Notes


ADMM

Background: ADMM (Alternating Direction Method of Multipliers) was proposed 40 years ago and recently attracted lots of attention. The convergence of 2-block ADMM for convex problems was known; however, a recent paper in 2014 showed that multi-block ADMM can diverge even for solving a 3*3 linear system. Interestingly, if we randomly permuted the update order in each cycle (e.g. (132), (231),… compared to traditional cyclic order (123), (123),…), then the algorithm converges. The question is: why?

Our contribution:

  1. Result. We show that for solving linear systems RP-ADMM (randomly permuted ADMM) converges in expectation for any number of blocks.
  2. High-level idea. One simple explanation for this phenomenon is “symmetrization’’: the update matrix of cyclic ADMM is a non-symmetric matrix with complex eigenvalues, and random permutation partially symmetrize the update matrix to make the eigenvalues have a nicer distribution. In fact, the key result is that the eigenvalues of the update matrix of RP-CD (randomly permuted coordinate descent) lies in (-1/3, 1), a smaller region than that of cyclic CD which is(-1,1).
  3. Implications.
    1. Problem level: RP-ADMM can potentially be a good solver for large-scale linearly constrained problems (LP, SDP, etc.)
    2. Algorithm level: It was widely believed that RP rule is better than cyclic rule; however, little theory is established. This work provides one of the first theoretical results that RP rule is better than the cyclic rule.
      • On the Expected Convergence of Randomly Permuted ADMM Ruoyu Sun, Zhi-Quan Luo, Yinyu Ye.

Matrix Completion

–Updated 07/2016. Highlight the local geometry nature of our proof. New slides with a cleaner summary of the proof sketch.

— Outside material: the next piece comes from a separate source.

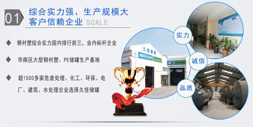 東莞市久佳防腐設(shè)備有限公司是華南地區(qū)大型規(guī)模的防腐環(huán)保儲(chǔ)存設(shè)備制造廠家,公司生產(chǎn)廠房達(dá)8000余平方米,集研發(fā)、生產(chǎn)、銷(xiāo)售于一體,有一支技術(shù)精湛、設(shè)計(jì)能力強(qiáng)的專(zhuān)業(yè)隊(duì)伍。國(guó)內(nèi)領(lǐng)先的生產(chǎn)工藝和完善的檢測(cè)設(shè)備,為產(chǎn)品提供了優(yōu)良的保證。產(chǎn)品廣泛應(yīng)用于石化、環(huán)保、釀造、水處理、化工、醫(yī)藥、食品、煉油、發(fā)電等行業(yè),精益求精,品質(zhì)久佳!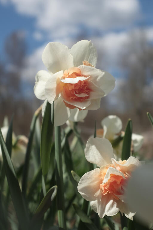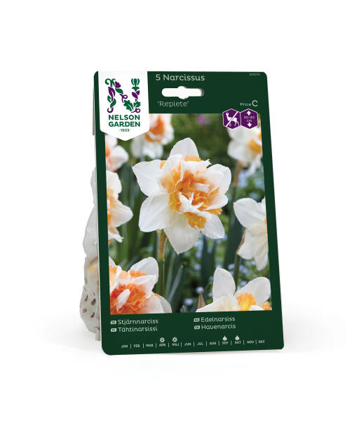 En elfenbensvit narciss till brädden fylld med en konstfullt veckad, dubbel trumpet i vitt, korallrosa och aprikos. Vacker som en dekorationsrosett i vårrabatten. Anses vara mindre smaklig för rådjur, hare, kanin och sork.

Background: Motivated by applications such as recommender systems (e.g. Netflix prize), the problem of recovering a low-rank matrix from a few observations has been popular recently. It is a prototype example of how to utilize the low-rank structure to deal with big data. There are two popular approaches to impose the low-rank structure: nuclear norm based approach and matrix factorization (MF) based approach. The latter approach is especially amenable for big data problems, and has served as the basic component of most competing algorithms for Netflix prize. However, due to the non-convexity, it seems to be difficult to obtain a theoretical guarantee.